Norse Gods and Giants
- Author: Ingri and Edgar Parin d'Aulaire
- Illustrator: The d'Aulaires
- Genre: Children's literature, mythology
- Publisher: Doubleday
- Publication date: 1967
- Publication place: United States
- Media type: Print (hardcover)
- Pages: 154 pp
- ISBN: 978-0385072359 (1967) ISBN 0385049080 (1986) ISBN 159017125X (2005)
- OCLC: 303177
- Dewey Decimal: 293/.13
- LC Class: BL860 .D355 1967; BL860 .D355 1986; BL860 .D355 2005;

= Norse Gods and Giants =

Children's book by Ingri and Edgar Parin d'Aulaire

Norse Gods and Giants is a children's book written and illustrated by Ingri and Edgar Parin d'Aulaire and published by Doubleday in 1967. It was reissued by Doubleday in 1986 as d'Aulaires' Norse Gods and Giants and by New York Review Books in 2005 as d'Aulaires' Book of Norse Myths.

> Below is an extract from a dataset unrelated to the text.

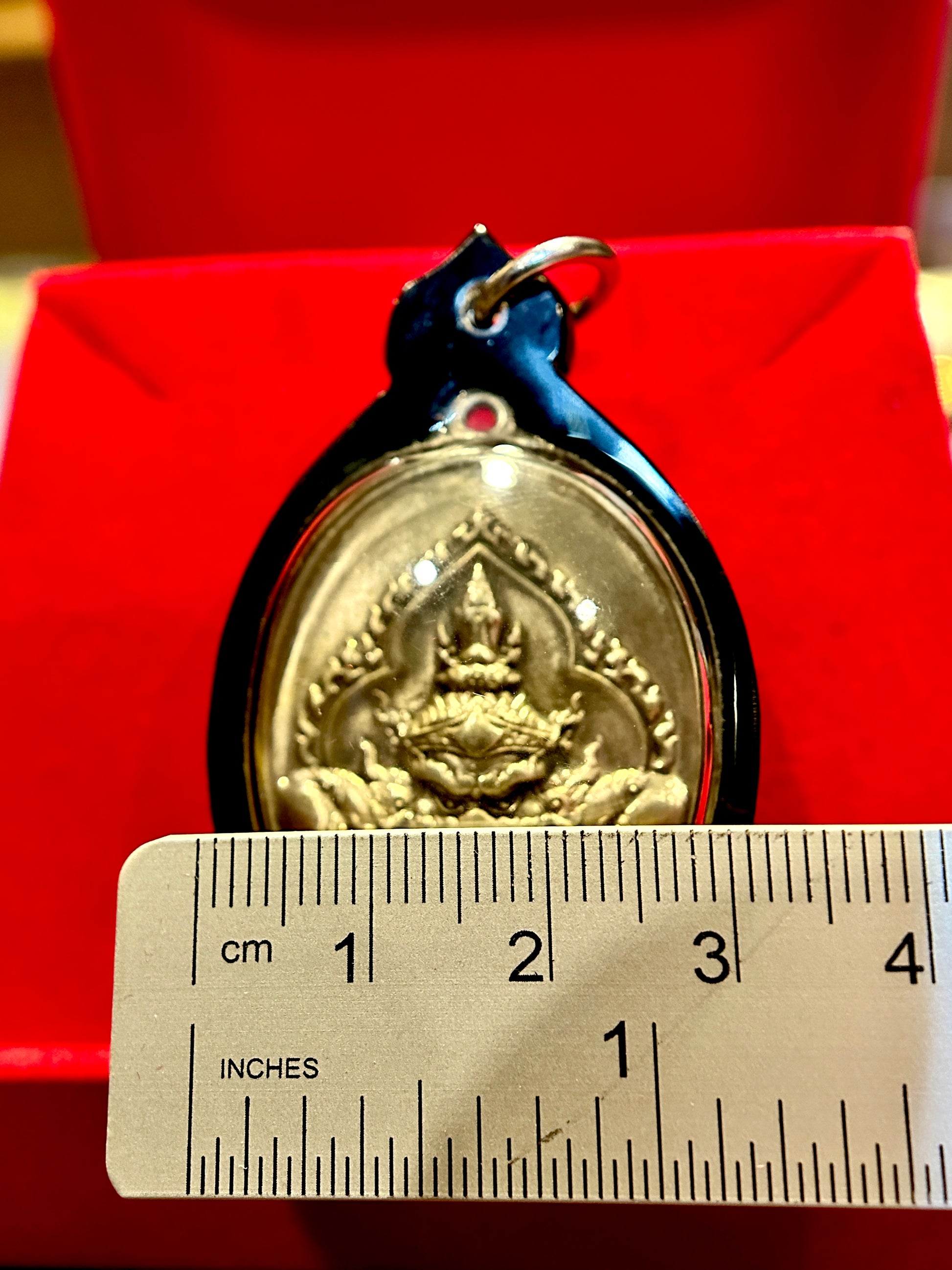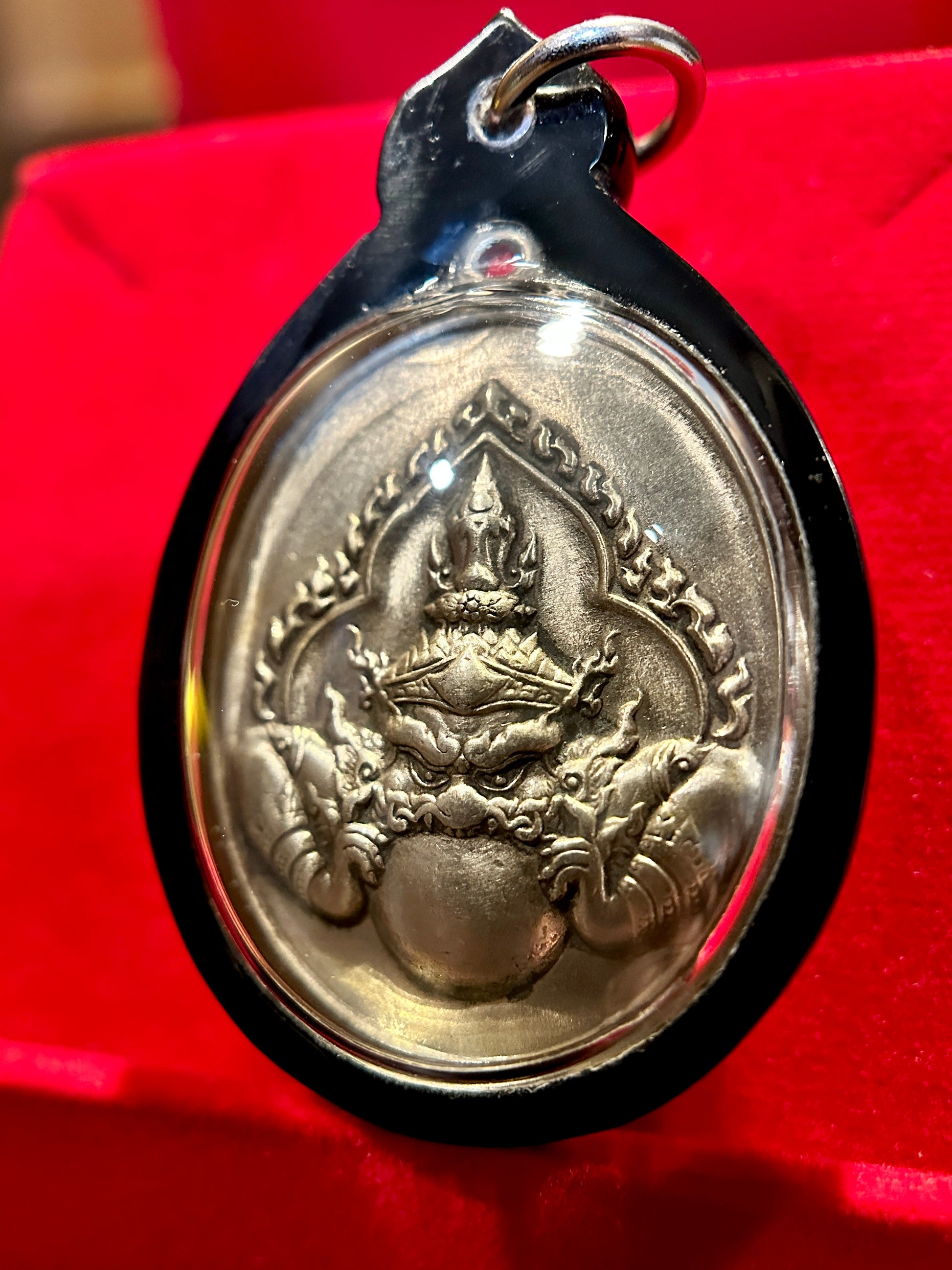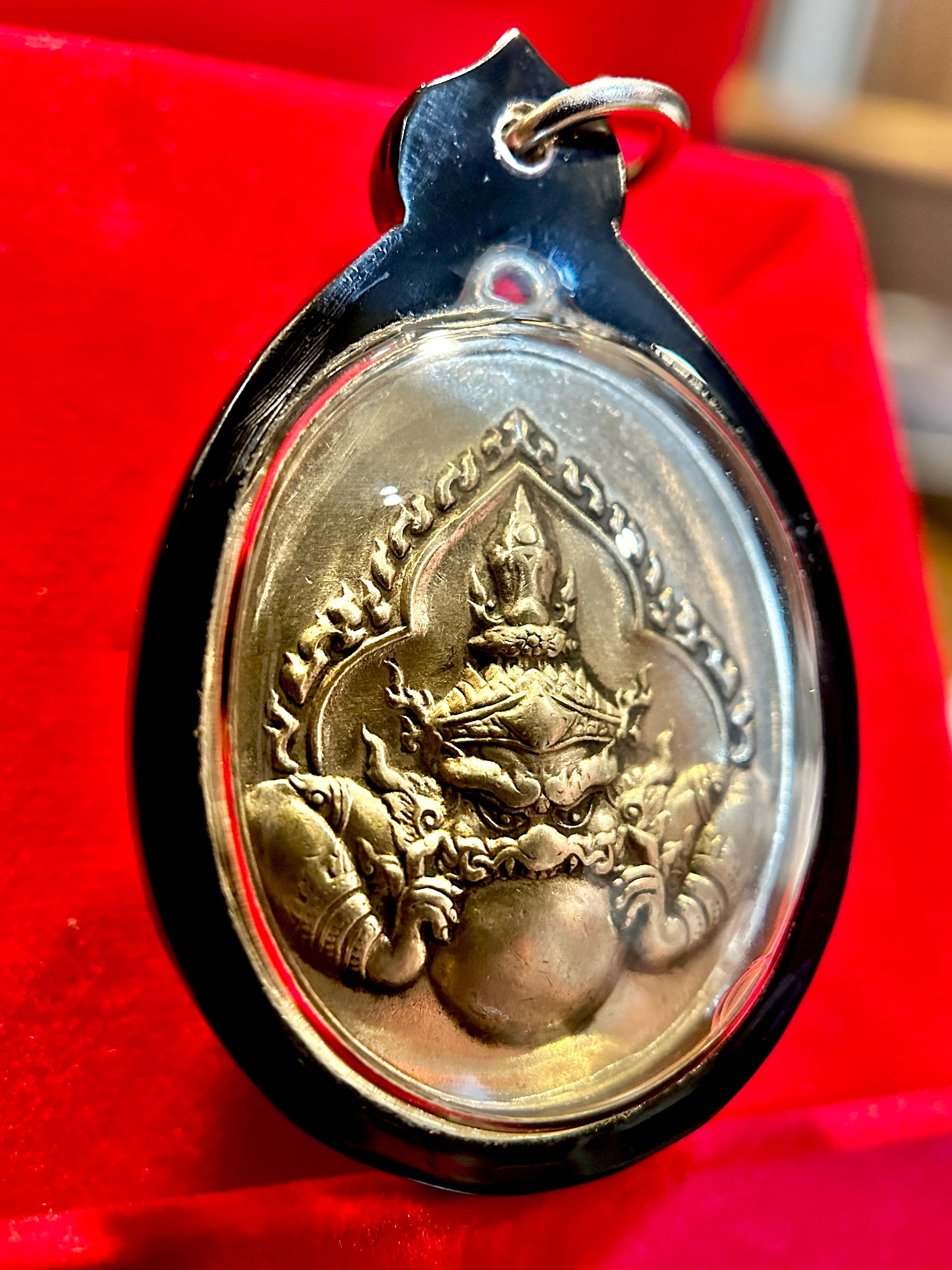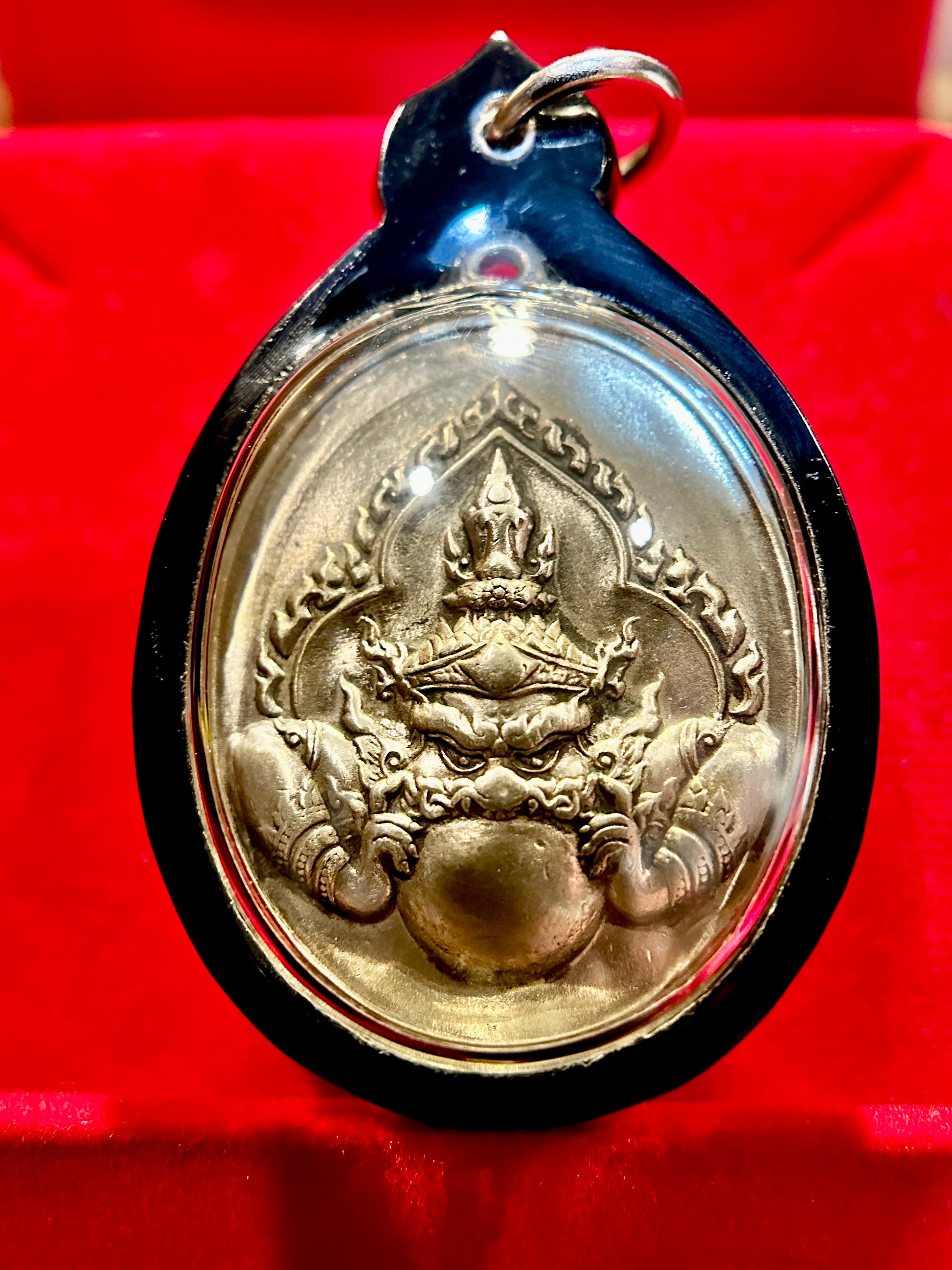 This brushed silver amulet represents the cosmic power of eclipses. This finely detailed amulet portrays Rahu devouring the moon—a powerful symbol of karmic realignment and hidden forces. The front is sculpted with intensity, while the back reveals a circular yantra filled with sacred numerals and script used in Thai astrology. This amulet is believed to counteract bad planetary alignments and shield the wearer from harm, making it a compelling choice for spiritual practitioners and astrology followers alike.

The 154-page book is organized as a collection of 30 Norse myths, with color illustrations throughout, from "The first gods and giants" and "The creation of the world" to "Ragnarokk, the destiny of the gods" and "A new world". The 2005 Library of Congress catalog summary called it a companion to Ingri and Edgar Parin d'Aulaire's Book of Greek myths, published by Doubleday in 1962, a 192-page collection of 46 Greek myths. The Greek and Norse collections are the couple's second and third most widely held works in WorldCat libraries, after their Caldecott Medal-winning picture book Abraham Lincoln (Doubleday, 1957).